__RECORDS SUPPLIED__
[Start of section]
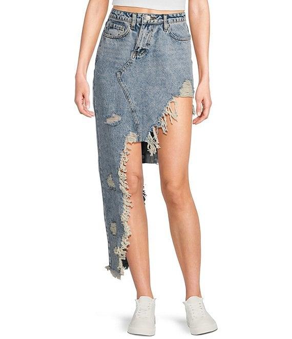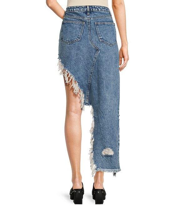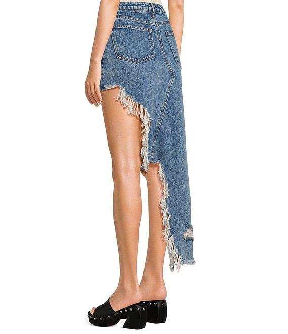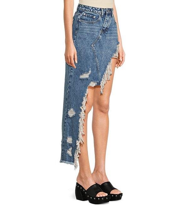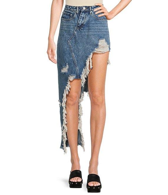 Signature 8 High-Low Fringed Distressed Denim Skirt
[End of section]
[Start of section]
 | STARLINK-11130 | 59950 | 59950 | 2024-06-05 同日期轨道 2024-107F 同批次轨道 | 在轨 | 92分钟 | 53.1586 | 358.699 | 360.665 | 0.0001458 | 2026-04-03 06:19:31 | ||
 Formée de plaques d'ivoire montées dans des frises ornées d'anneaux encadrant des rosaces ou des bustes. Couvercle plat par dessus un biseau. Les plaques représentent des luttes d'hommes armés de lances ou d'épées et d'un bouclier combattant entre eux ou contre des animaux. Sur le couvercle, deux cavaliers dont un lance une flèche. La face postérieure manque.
[End of section]
__REQUIRED WORK__
In the listing above, find the line containing "06:19:31 | ||" and the line containing "Formée de plaques", then quote both, plus every line between them, exactly as written.

__WRITTEN SOLUTION__
 | STARLINK-11130 | 59950 | 59950 | 2024-06-05 同日期轨道 2024-107F 同批次轨道 | 在轨 | 92分钟 | 53.1586 | 358.699 | 360.665 | 0.0001458 | 2026-04-03 06:19:31 | ||
 Formée de plaques d'ivoire montées dans des frises ornées d'anneaux encadrant des rosaces ou des bustes. Couvercle plat par dessus un biseau. Les plaques représentent des luttes d'hommes armés de lances ou d'épées et d'un bouclier combattant entre eux ou contre des animaux. Sur le couvercle, deux cavaliers dont un lance une flèche. La face postérieure manque.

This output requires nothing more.